Work order:
Your answer must be only the lines below from the one containing "BACCALAUREATE GENERAL SESSION" through the one containing "Product Name Interlock", copied exactly, with the pictures left out.

Dataset records:
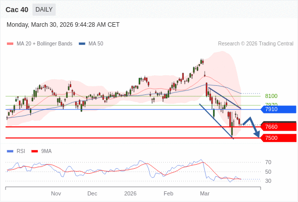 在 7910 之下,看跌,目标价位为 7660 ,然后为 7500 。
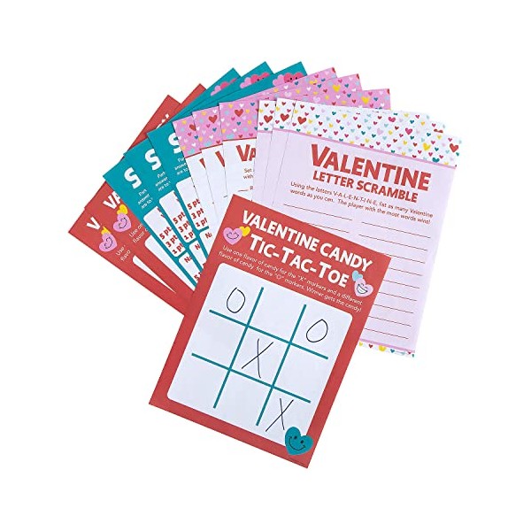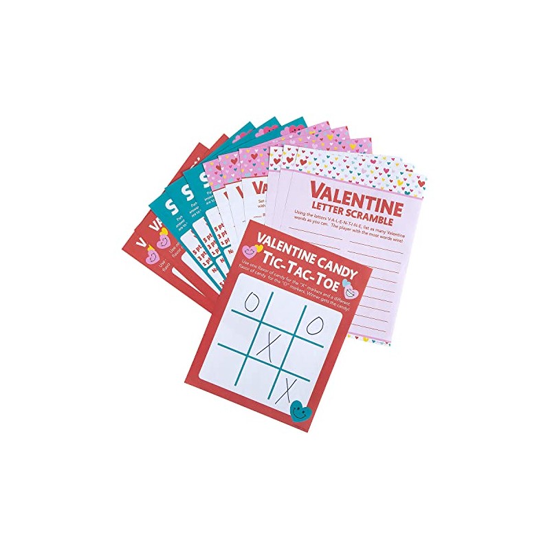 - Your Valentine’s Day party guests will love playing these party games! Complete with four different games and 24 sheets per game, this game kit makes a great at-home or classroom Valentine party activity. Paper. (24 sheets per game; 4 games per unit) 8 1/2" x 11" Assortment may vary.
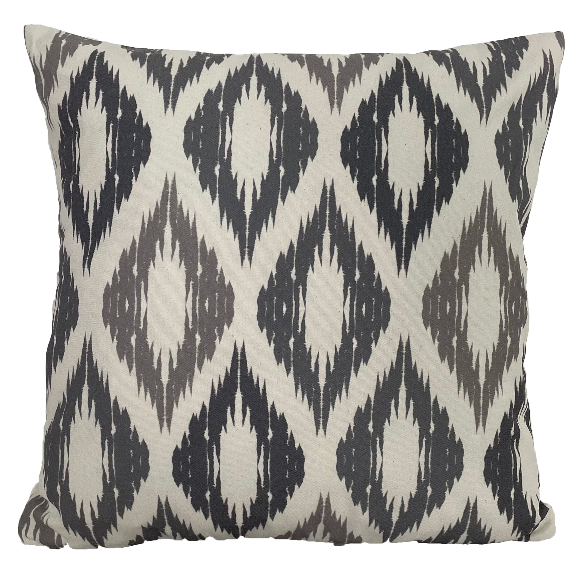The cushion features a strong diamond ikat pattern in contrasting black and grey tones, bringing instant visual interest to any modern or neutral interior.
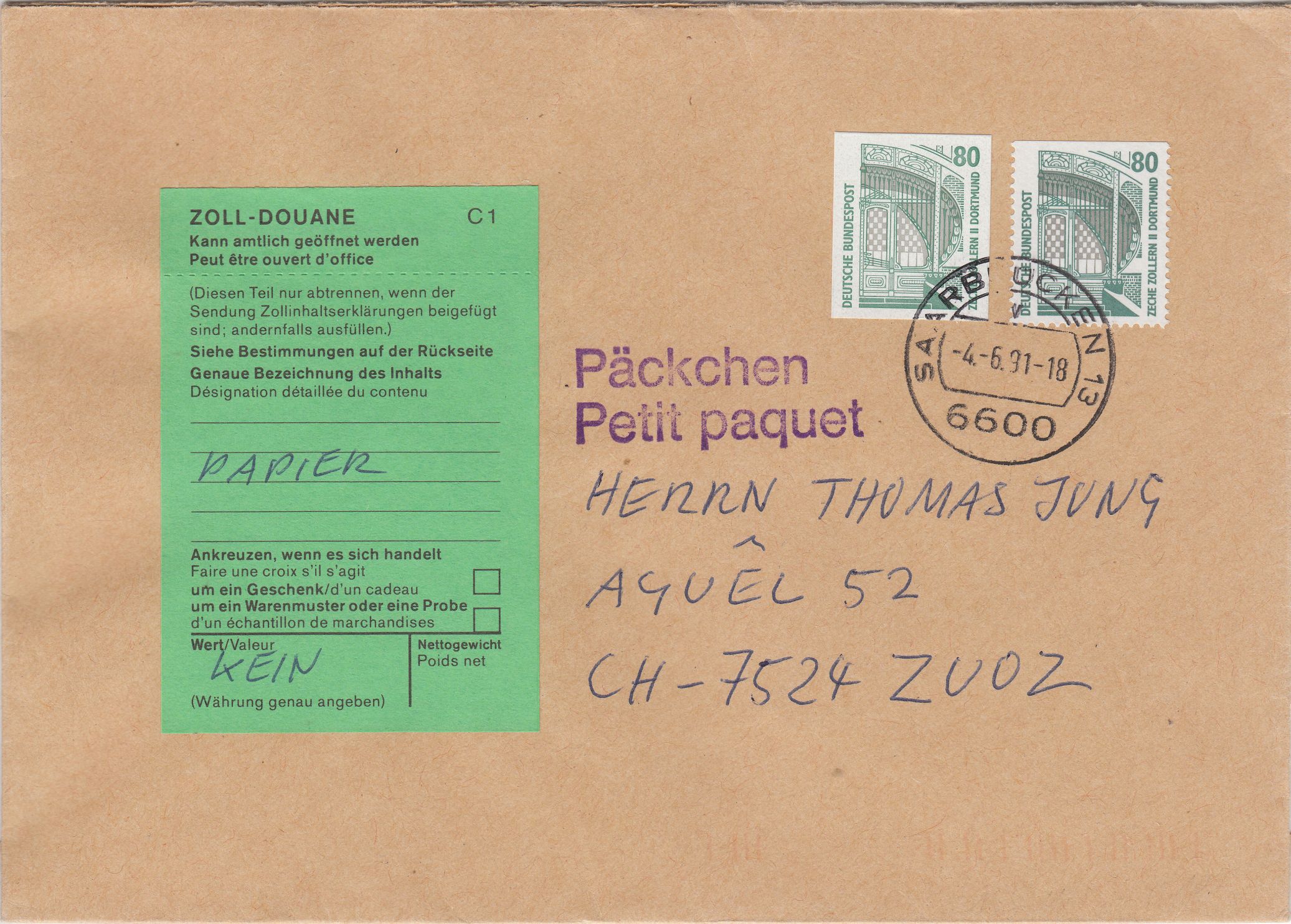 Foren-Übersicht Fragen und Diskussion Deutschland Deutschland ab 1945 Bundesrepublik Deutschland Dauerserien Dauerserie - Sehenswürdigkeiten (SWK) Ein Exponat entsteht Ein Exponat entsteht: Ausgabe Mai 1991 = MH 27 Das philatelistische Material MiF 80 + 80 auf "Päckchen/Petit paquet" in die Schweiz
* * *
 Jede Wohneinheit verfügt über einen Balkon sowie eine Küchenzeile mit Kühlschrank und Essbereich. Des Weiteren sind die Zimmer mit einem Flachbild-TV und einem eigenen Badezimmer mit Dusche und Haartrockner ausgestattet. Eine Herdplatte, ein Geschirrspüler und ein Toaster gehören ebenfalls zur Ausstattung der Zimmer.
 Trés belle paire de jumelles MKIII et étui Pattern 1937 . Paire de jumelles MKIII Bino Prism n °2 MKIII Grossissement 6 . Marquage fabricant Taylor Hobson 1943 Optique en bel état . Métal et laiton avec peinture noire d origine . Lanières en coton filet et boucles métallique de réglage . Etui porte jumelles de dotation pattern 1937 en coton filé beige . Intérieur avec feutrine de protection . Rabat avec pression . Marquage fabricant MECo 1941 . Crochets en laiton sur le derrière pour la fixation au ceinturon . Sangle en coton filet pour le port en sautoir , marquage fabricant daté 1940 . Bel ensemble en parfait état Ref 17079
==
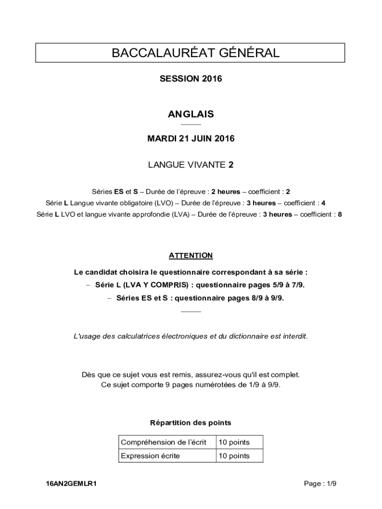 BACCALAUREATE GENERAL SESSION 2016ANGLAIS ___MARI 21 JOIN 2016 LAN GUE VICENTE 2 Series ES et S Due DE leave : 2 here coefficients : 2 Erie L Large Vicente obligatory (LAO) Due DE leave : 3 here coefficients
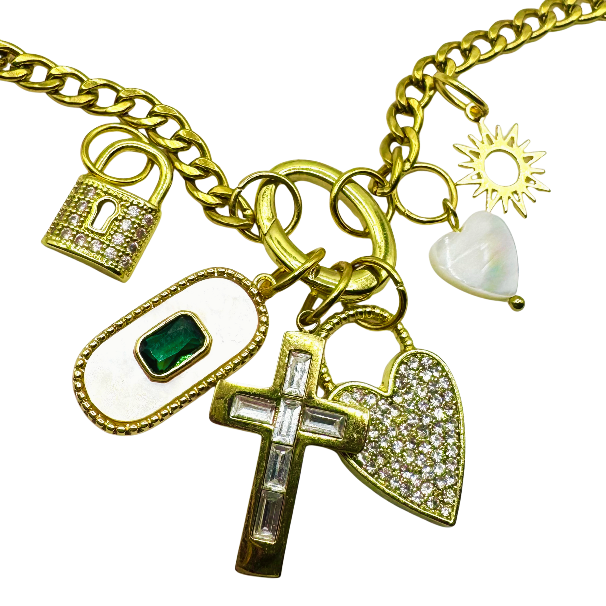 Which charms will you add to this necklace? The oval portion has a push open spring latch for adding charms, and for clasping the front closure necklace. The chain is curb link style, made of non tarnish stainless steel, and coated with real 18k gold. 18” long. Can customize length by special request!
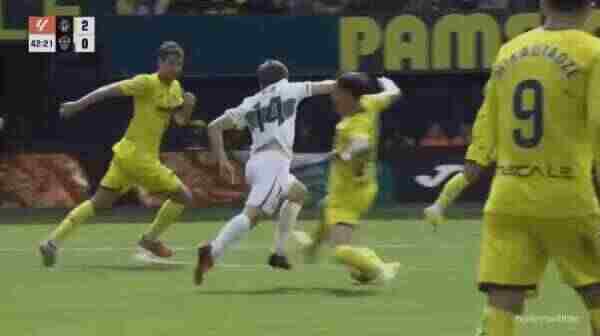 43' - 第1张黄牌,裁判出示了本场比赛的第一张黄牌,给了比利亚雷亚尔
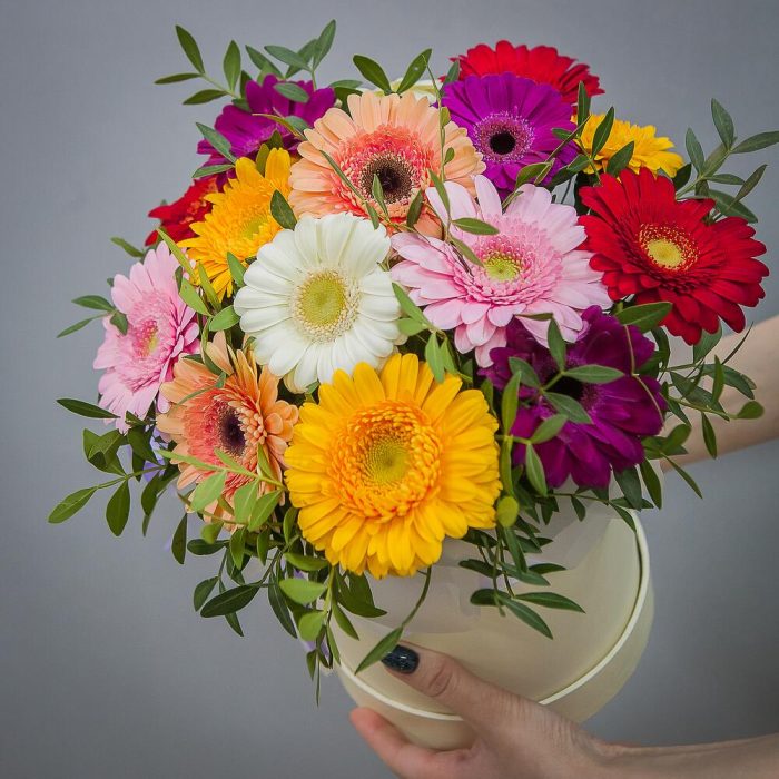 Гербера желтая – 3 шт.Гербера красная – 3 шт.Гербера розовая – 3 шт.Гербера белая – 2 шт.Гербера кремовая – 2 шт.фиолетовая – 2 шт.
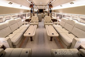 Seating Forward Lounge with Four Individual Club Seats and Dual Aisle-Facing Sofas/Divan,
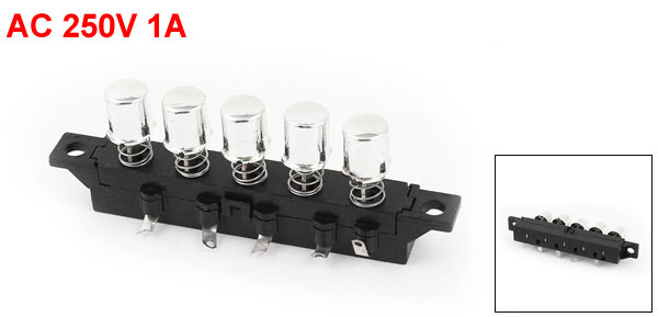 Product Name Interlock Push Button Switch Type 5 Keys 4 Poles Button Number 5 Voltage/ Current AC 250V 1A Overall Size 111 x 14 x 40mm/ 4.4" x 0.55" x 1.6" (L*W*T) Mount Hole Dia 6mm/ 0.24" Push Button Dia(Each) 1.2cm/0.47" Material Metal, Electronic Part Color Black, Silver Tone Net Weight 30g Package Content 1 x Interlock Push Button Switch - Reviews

Result for this task:
 BACCALAUREATE GENERAL SESSION 2016ANGLAIS ___MARI 21 JOIN 2016 LAN GUE VICENTE 2 Series ES et S Due DE leave : 2 here coefficients : 2 Erie L Large Vicente obligatory (LAO) Due DE leave : 3 here coefficients
 Which charms will you add to this necklace? The oval portion has a push open spring latch for adding charms, and for clasping the front closure necklace. The chain is curb link style, made of non tarnish stainless steel, and coated with real 18k gold. 18” long. Can customize length by special request!
 43' - 第1张黄牌,裁判出示了本场比赛的第一张黄牌,给了比利亚雷亚尔
 Гербера желтая – 3 шт.Гербера красная – 3 шт.Гербера розовая – 3 шт.Гербера белая – 2 шт.Гербера кремовая – 2 шт.фиолетовая – 2 шт.
 Seating Forward Lounge with Four Individual Club Seats and Dual Aisle-Facing Sofas/Divan,
 Product Name Interlock Push Button Switch Type 5 Keys 4 Poles Button Number 5 Voltage/ Current AC 250V 1A Overall Size 111 x 14 x 40mm/ 4.4" x 0.55" x 1.6" (L*W*T) Mount Hole Dia 6mm/ 0.24" Push Button Dia(Each) 1.2cm/0.47" Material Metal, Electronic Part Color Black, Silver Tone Net Weight 30g Package Content 1 x Interlock Push Button Switch - Reviews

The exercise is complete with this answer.